この名曲を聴くと、最近では、本田美奈子を思い出してしまうし、あの澄みきった歌声が甦って来る。
映画はこの曲が生まれた話で、実際にあった物語だった。
18世紀のイギリス。当時、奴隷貿易が当たり前の現実として存在し、貴族階級はそのことによって、
私服をこやしていた。主人公の20歳前半の若き政治置家ウイリアム・ウィルバーフォースが親友と、
仲間と長年に渡り、奴隷貿易を廃止させていく話だ。その中で牧師が出てくる。これがこの曲を作詞した
ジョン・ニュートンだ。この曲をささえとして、闘っていく。
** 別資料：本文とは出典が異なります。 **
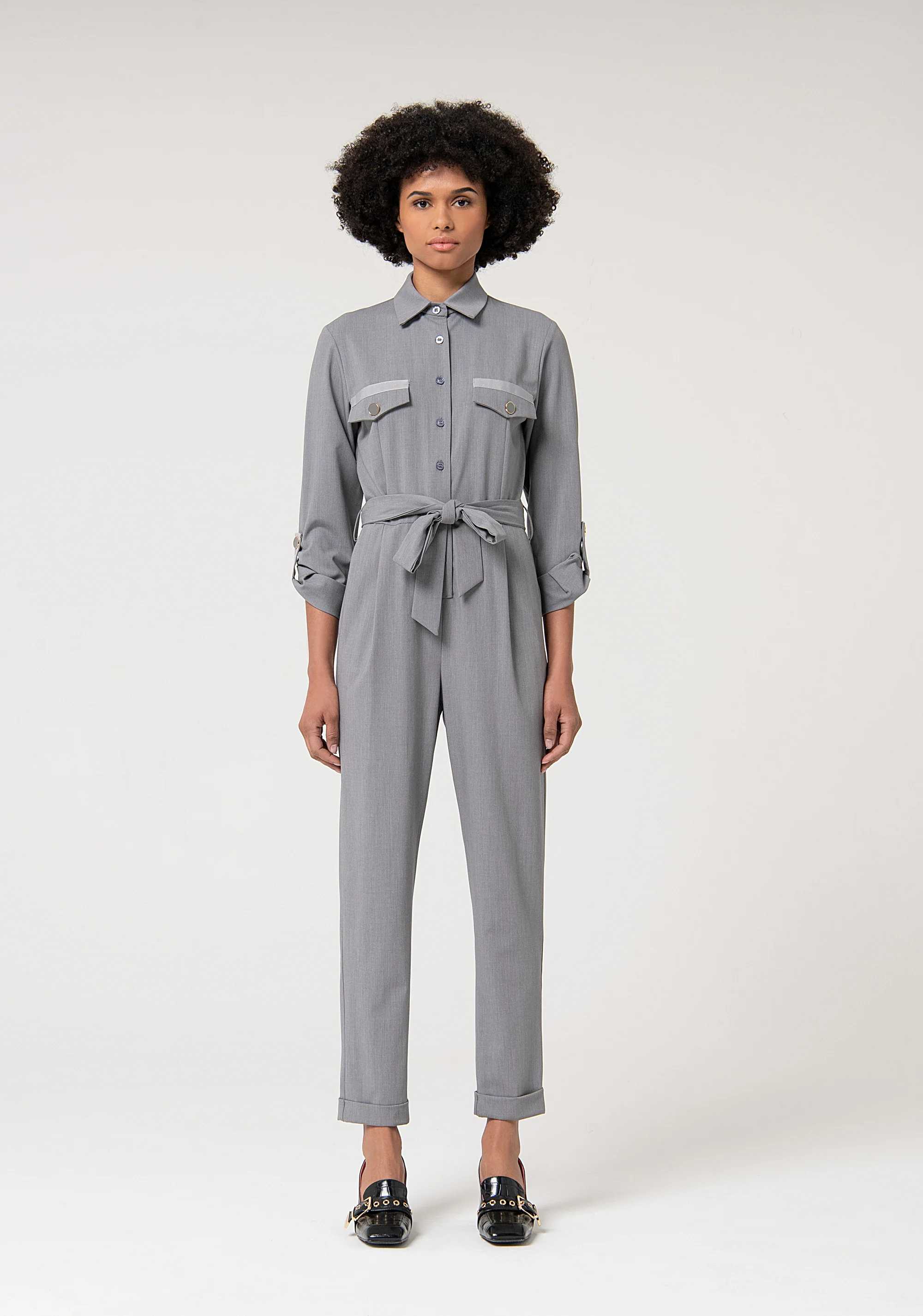 Tuta regular lunga con tasconi, colletto classico, bottoni centrali per apertura, maniche lunghe, e con pantalone con pences con fondo dritto.
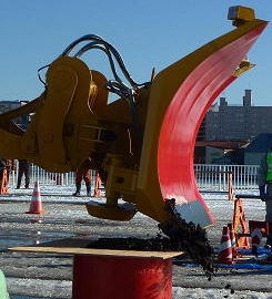ドラム缶の上に作った土の型を雪に見立てて、マルチブレードで崩します。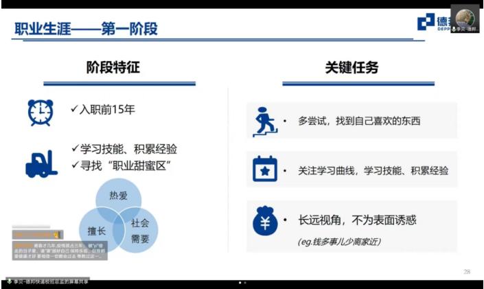 第二部分为职业生涯规划。在这一部分中,李贝首先通过哈弗追踪研究和车日路模型两个案例向我们强调目标对人生有巨大的导向性作用,然后从职业生涯的三个阶段,理解职业生涯规划的概念,如何做职业生涯规划三方面做了详细讲解,有助于帮助我们正确设定自己的职业发展目标,并制定行动计划,使自己的才能得到充分发挥,以实现职业发展目标。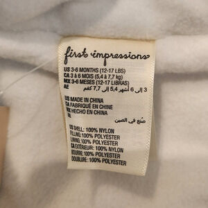 First Impressions Baby Boy Hooded Jacket, size 6-9 Months. This cozy jacket is fleece lined inside, perfect for keeping your baby snuggled and warm. New with tags, never been worn! Retail $42.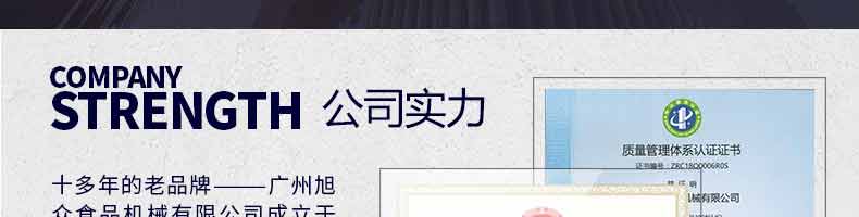廣州旭眾食品機械有限公司是一家集科研開發,生產設計,營銷服務為一體的現代化生產企業?,F代化生產車間,精湛制造技術,所產機械歷經市場重重考驗,不斷贏得海內外客戶的贊譽。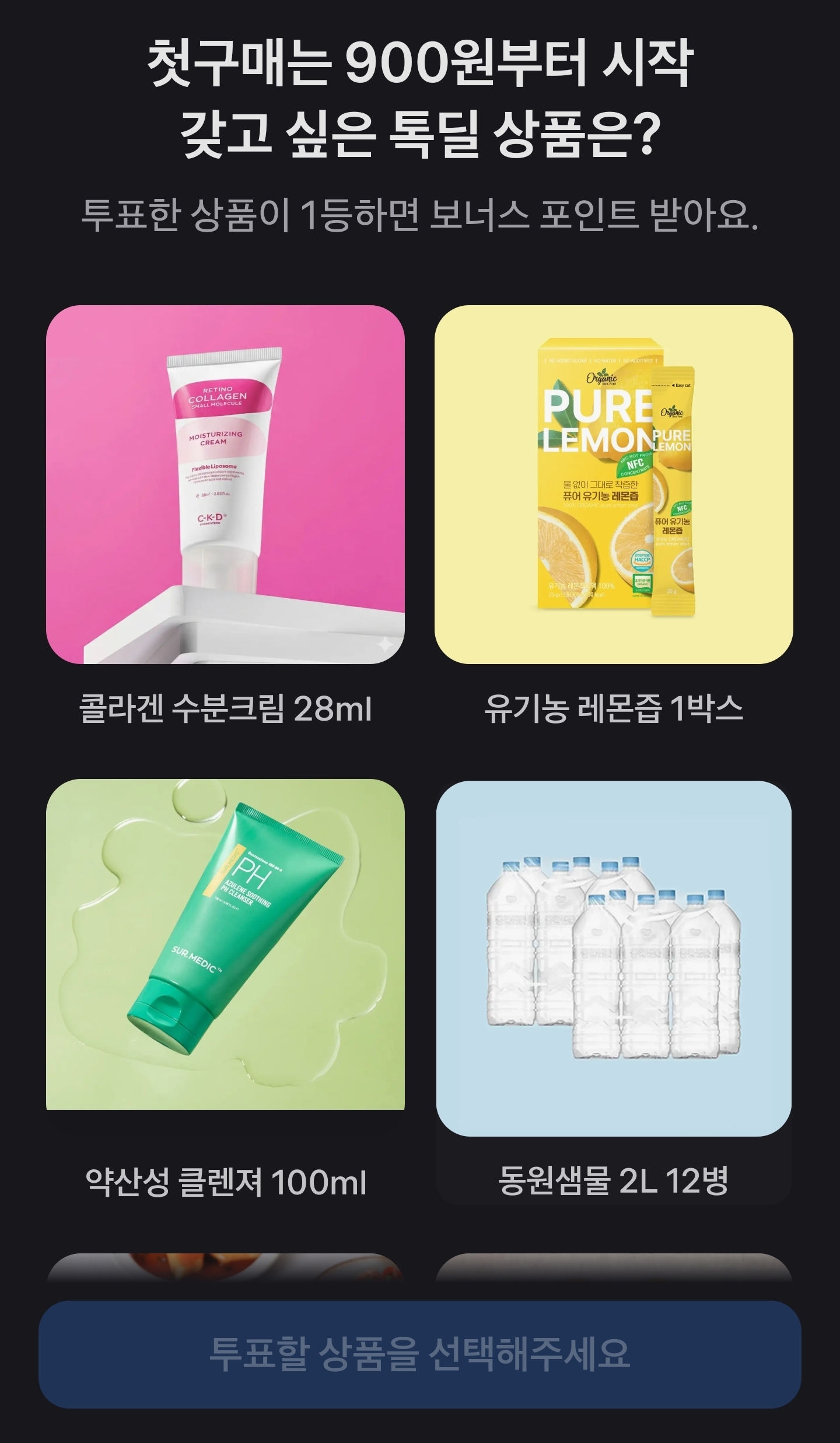 "첫구매는 900원부터 시작!"이라는 문구와 함께
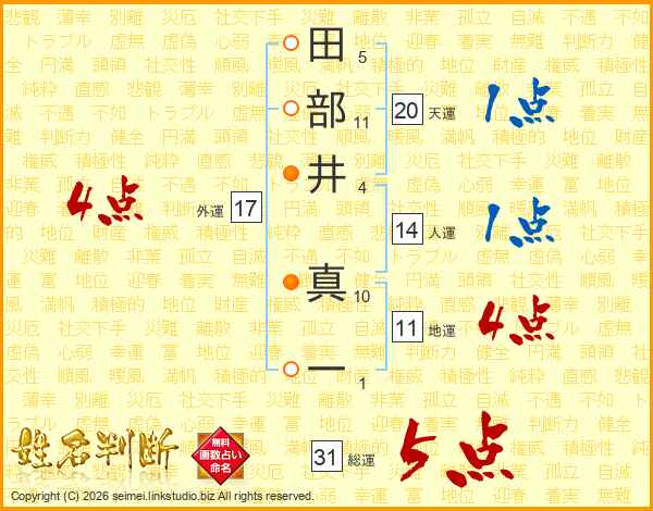 田(5画)部(11画)井(4画) 真(10画)一(1画)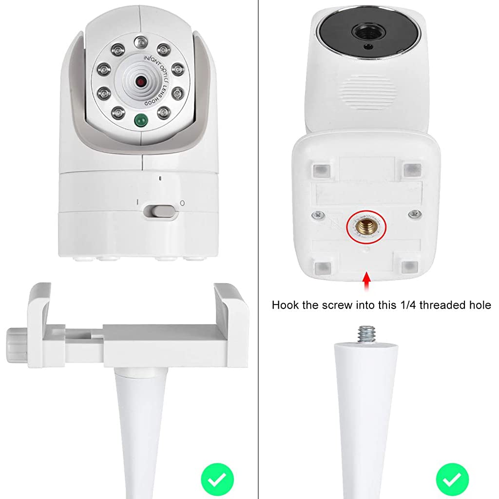 - UNIVERSAL BABY MONIOTRS HOLDER: The baby monitor holder fits all cameras with a base or stand less than 4 inches wide. This baby monitor mount Compatible with Infant Optics DXR-8 and DXR-8 PRO baby monitor and other most baby monitor cameras. It also fits all cameras with a straight body. Adjustable monitor clamp is adjustable which can be compatible with most baby monitor, security monitor, monitor cameras in market (Baby Monitors are not included)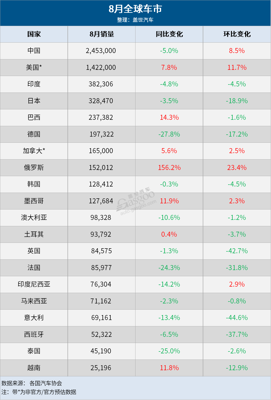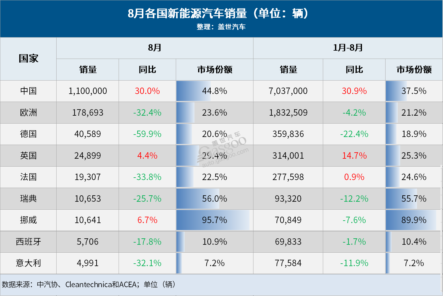 8月全球车市:中国蝉联第一,13国销量齐跌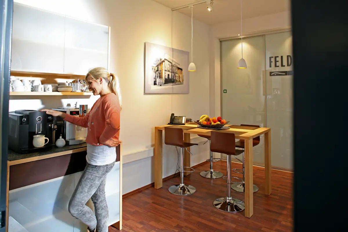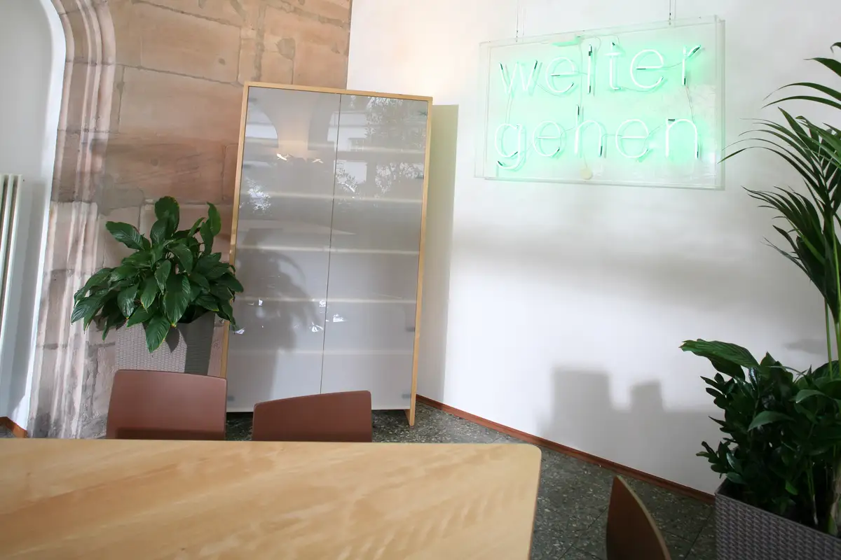 Dort ist die raffinierte Rautenform des Besprechungstisches die einzige Möglichkeit gewesen, die Durchgänge freizuhalten. Gegenüber steht der große Vitrinenschrank mit dem gleichen gezinkten Korpus und bietet noch jede Menge Stauraum. Meetings an Stehtischen sind immer viel kürzer und ergebnisreicher, als die auf normaler Tischhöhe. Und wenn man sich vorher noch schnell einen Kaffee rauslassen kann, ist das die perfekte Work-Coffee-Balance.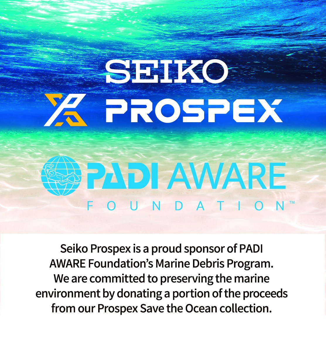 ไซโก วอตช์ คอร์ปอเรชั่น (Seiko Watch Corporation) มีความภูมิใจในการประกาศความร่วมมือครั้งใหม่กับ PADI® และมูลนิธิ PADI AWARE Foundation ในโครงการ Marine Debris Program เพื่อกำจัดขยะทะเล (marine debris*) โดย Seiko พร้อมรับมือความท้าทายนี้ด้วยการบริจาครายได้ส่วนหนึ่งจากการจำหน่ายนาฬิกาในคอลเลกชั่น Seiko Prospex Save the Ocean (ไซโก พรอสเป็กซ์ เซฟ ดิ โอเชียน) เพื่อมอบให้กับกลุ่มนักดำน้ำที่กำลังทำหน้าที่กำจัดและรายงานสถานการณ์ขยะที่อยู่ใต้ท้องทะเล ประวัตินาฬิกาดำน้ำของ Seiko เริ่มต้นขึ้นในปี 1965 ด้วยนาฬิกาดำน้ำเรือนแรกของญี่ปุ่น นับตั้งแต่นั้นมา นาฬิกาดำน้ำของ Seiko ได้พัฒนาขึ้นเพื่อตอบสนองความต้องการของนักดำน้ำมืออาชีพ โดยได้เปิดตัวนาฬิการุ่นสำคัญๆ ที่มาพร้อมความก้าวหน้าอย่างแท้จริง ทั้งในด้านความปลอดภัย ความน่าเชื่อถือ ความชัดเจน และความสะดวกในการใช้งาน จนถึงตอนนี้ Seiko มีความภูมิใจอย่างยิ่งในการรักษามาตรฐานระดับโลกสำหรับนาฬิกาดำน้ำ การยึดมั่นและรักษาประเพณี รวมถึงการสร้างสรรค์นวัตกรรมที่โดดเด่นตลอดระยะเวลา 5 ทศวรรษผ่านทางคอลเลคชันพรอสเป็กซ์ (Prospex)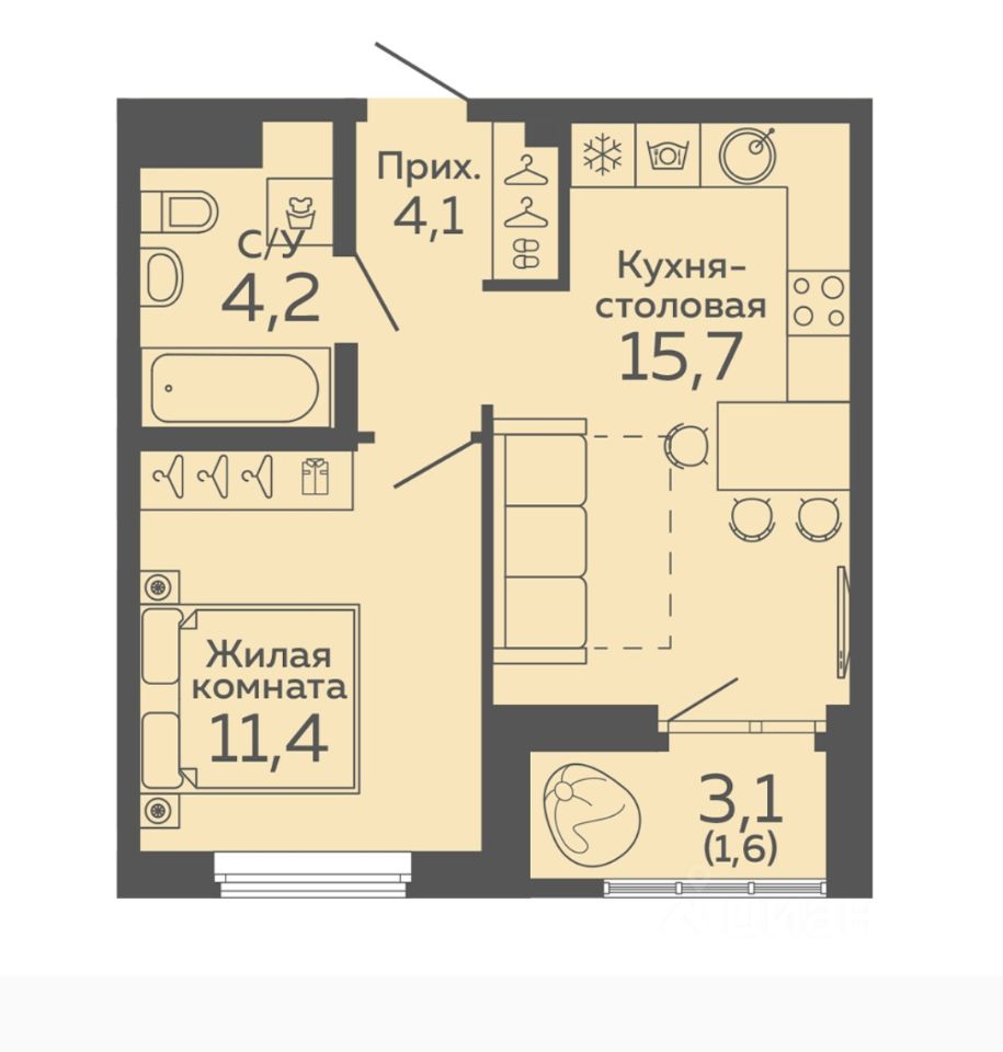 Уютная однокомнатная квартира находится на втором этаже. Окна выходят на сторону закрытого внутреннего двора, что обеспечивает спокойствие и тишину.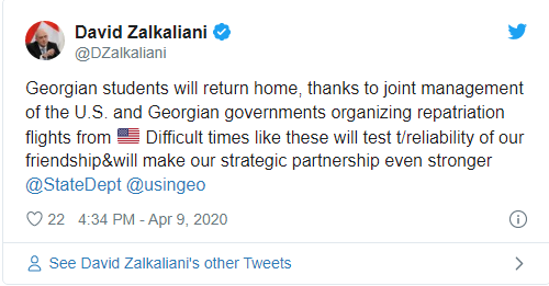 საქართველოს საგარეო საქმეთა მინისტრი, დავით ზალკალიანი აშშ-ში მყოფი ქართველი მოსწავლეების საქართველოში დასაბრუნებლად სპეციალური რეისის დანიშვნის ფაქტს “ტვიტერის” გვერდზე გამოეხმაურა.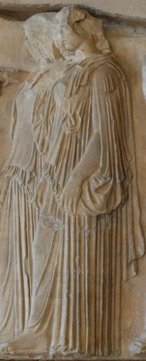 Keywords: Egastinai frieze Louvre MR825 detail.jpg Athenian woman wearing the chiton detail Fragment from the Ergastinai weavers frieze from the Parthenon in Athens Traces of ancient polychromy Pentelic marble c 445 “435 B C Athénienne portant le chiton Détail de la plaque dite « des Ergastines » tisseuses frise Est du Parthénon Athènes Marbre du Pentélique portant des traces de polychromie c 445 “435 av J -C H 96 cm 37 ¾ in Museum Louvre Ma 738 MR 825 object history credit line Acquired by the earl of Choiseul-Gouffier 1784; seized during the French Revolution accession number Department of Greek Etruscan and Roman Antiquities Sully wing ground floor Jastrow 2005 other versions Chiton 5th century BC Frieze of the Parthenon Greek antiquities in the Louvre - Room 31 Polychromy in antique art |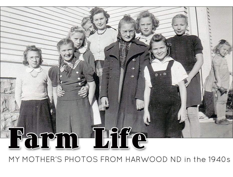 Then there’s Dick Mickelson. Dick and Donna. I heard the names growing up; they sent cards on my birth, and at Christmas. The names of her friends were like asteroids orbiting out beyond Pluto, part of our family cosmos, but impossibly remote. When I looked through the scrapbook I saw no one I knew except for my uncle, with a few shots of my Dad in sailor’s uniform, home on leave. In the first few shots, though, she was quite young - that’s her up there on the left at the schoolhouse, looking disconnected from the rest of the group. As far as I can tell the book goes from the early 40s through high school; everyone grows up.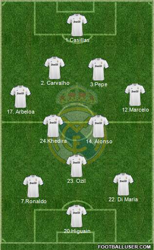 Casillas · Pepe · Carvalho · Marcelo · Ramos · Xabi Alonso · Khedira · KaKa · Ozil · Cristiano Ronaldo · Benzema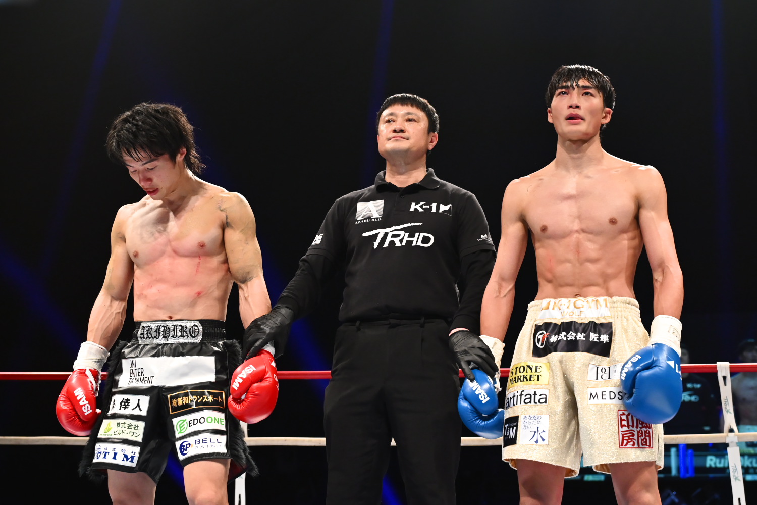3R、両者ともパンチを積極的に振るいつつ、ハイも絡め、途切れない一進一退の攻防で場内を沸かせる。やや朝久の動きが落ちているが、それでも攻撃を続け、里見もクリーンヒットにはつなげられない。記者採点はイーブン。合計29-29でイーブン。ジャッジ1者は朝久につけるが、2者はイーブンで延長へ。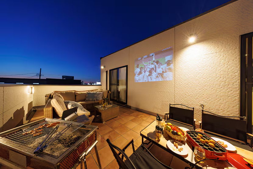 広々としたオープンキッチンでのパーティー、お庭やバルコニーでのひととき、大画面での映画鑑賞…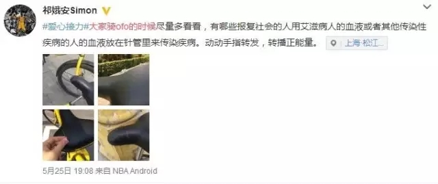 5月底,網(wǎng)上流傳圖片稱,有人在一輛共享單車的坐墊上找到一根針,似有人故意為之!膀T車的時(shí)候請(qǐng)注意查看,有些艾滋病患者把自己的血染到針頭上,要是被扎到你就被感染了!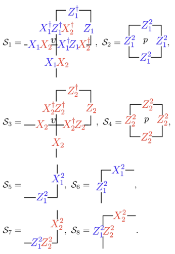 的量子比特。例如:第一个是色码(color code),它由图中所示模样的全都是X和全都是Z的两个稳定子构成。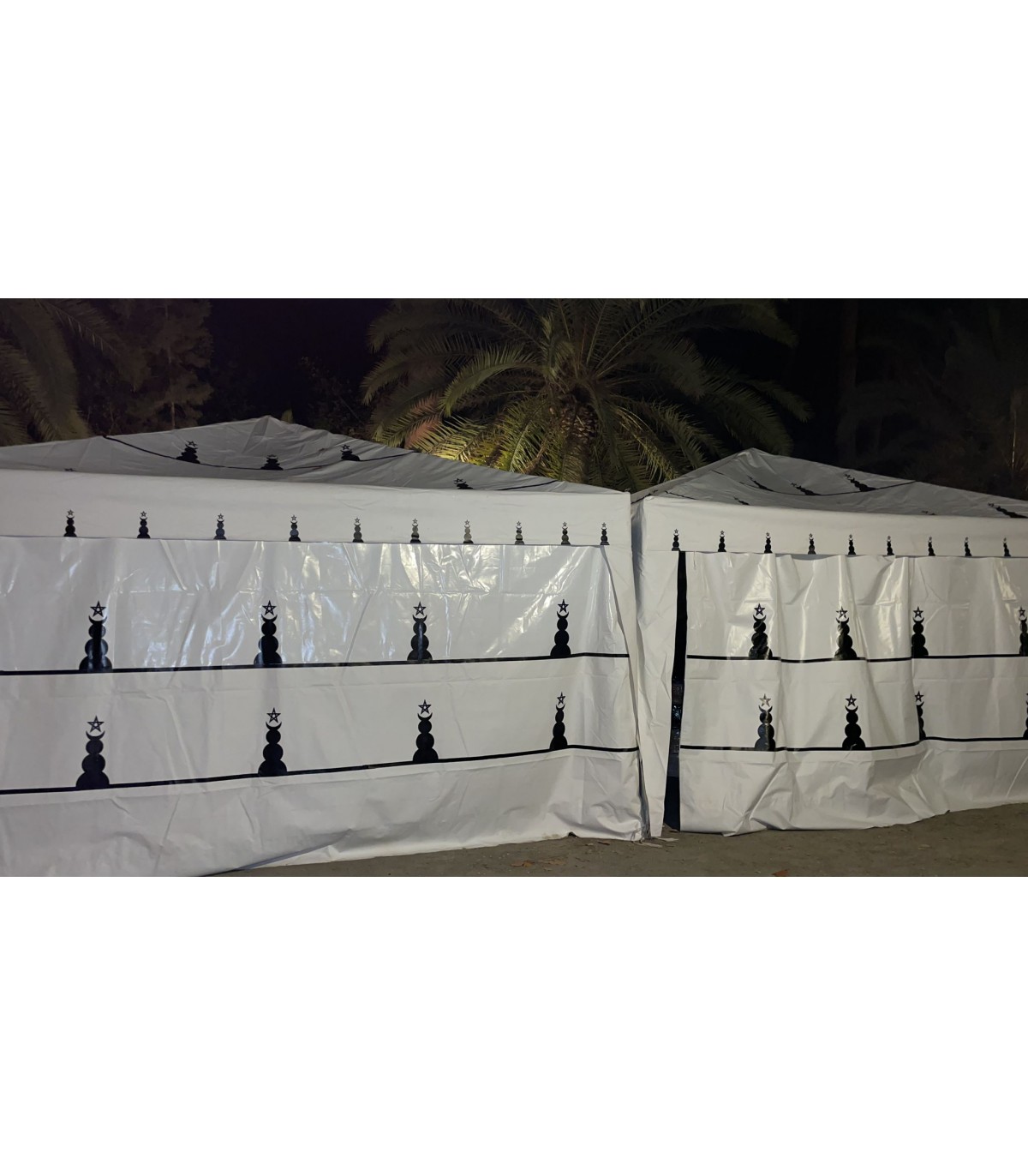 Beautiful rectangular Arab Jaima of 5 x 5 meters made of PVC canvas with an iron structure. Authentic Arabic decoration down to the smallest detail. It has a false ceiling to be more decorative. You can install an Arabic lamp in the center of the ceiling, it has a support for hanging. Ideal for use at parties, events, fairs or birthdays.Recommended for medieval markets. Provides ease of assembly and security for closure.

牧師はもとは船長で何度も奴隷を運んでいたのだ。
2万人もの奴隷が航海中になくなっていったのを見て来ている。自分の犯してきた罪の重さに苦しみながら、
一緒に闘うのに参加する。苦しみの中で生まれた賛美歌が「アメイジング・グレイス」だ。
グレイスとは神の恵み、あるいは加護だそうだ。
すばらしき神の悲しみよ
こんな悪人まで救ってくださった
かって道を外れていた私を
神が見つけてくださった
みえなかった目も 今は開かれた
奴隷解放と聞くと普通はアメリカのそれを思う。リンカーンによってと1862年9月。あの有名な演説。
人民の、人民による、人民のための政治。
それより半世紀前にイギリスで「奴隷貿易廃止法」がなされていた。この映画はその200周年を記念して2007年に
創られた。ドキメンタリー出身の監督だから、議会の場面などに力をいれていたが、奴隷の悲惨な場面は一度もなく
船にぶらさがっている、鉄のくさりだけだったのが、なお、映画の真髄をついていたように、思う。
男性が歌う「アメジング・グレイス」も良い、こころに深くしみいった。